Related ethnic groups
- Kuwaitis

= Kuwaiti diaspora =

The Kuwaiti diaspora refers to Kuwaiti nationals and their descendants living outside Kuwait. Unlike many other nations, Kuwait has a relatively small diaspora due to its generous welfare system, high standard of living, and limited push factors for emigration. However, Kuwaitis abroad—especially students, professionals, and entrepreneurs—play important roles in cultural exchange, diplomacy, and global development.
== Geographic distribution ==
Kuwait’s population is approximately 5 million, with expatriates making up nearly 70%. The Kuwaiti diaspora itself remains relatively small but is globally dispersed.
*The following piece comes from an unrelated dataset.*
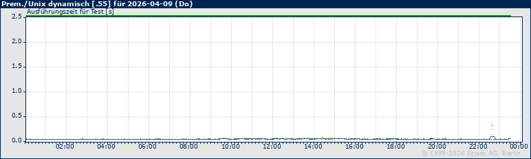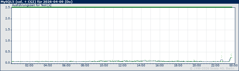 Im folgenden Graph geben blaue Punkte geben die Antwortzeit bei den einzelnen Messungen an, eine mehr order weniger horizontal verlaufende, graue Linie zeigt den gleitenden Durchschnitt für 15 Minuten an. Ein Pixel in der Fläche des Graphen (weiß) entspricht zwei Minuten bzw. Messungen.

Most Kuwaitis abroad reside in neighboring Gulf Cooperation Council (GCC) countries such as Saudi Arabia, the United Arab Emirates, and Qatar, where cultural and economic ties facilitate mobility.

In South Asia, some Kuwaitis have ancestral connections to India and Pakistan, particularly through historical trade and migration routes.

Southeast Asia, especially Malaysia and Indonesia, has seen a rise in Kuwaiti students and tourists, drawn by educational opportunities and cultural affinity.

In North America, the United States hosts over 14,000 Kuwaiti students, many of whom are supported by government scholarships and active student unions.

Europe is home to Kuwaiti diplomats, students, and business people, particularly in the United Kingdom, France, and Germany. Bilateral relations and visa agreements have facilitated this presence.

== Migration trends ==
Kuwait’s net migration fluctuates significantly year to year, reflecting changes in labor demand and regional geopolitics. In 2024, Kuwait recorded a net migration of 61,624, marking a 23.2% increase from the previous year.

== Education abroad ==
Thousands of Kuwaiti students pursue degrees in North America, Europe, and Asia, often supported by government scholarships. Kuwait University’s Student Exchange Program (SEP) facilitates academic exchanges with global institutions. Studies show that factors such as language proficiency and international exposure influence students’ decisions to study abroad.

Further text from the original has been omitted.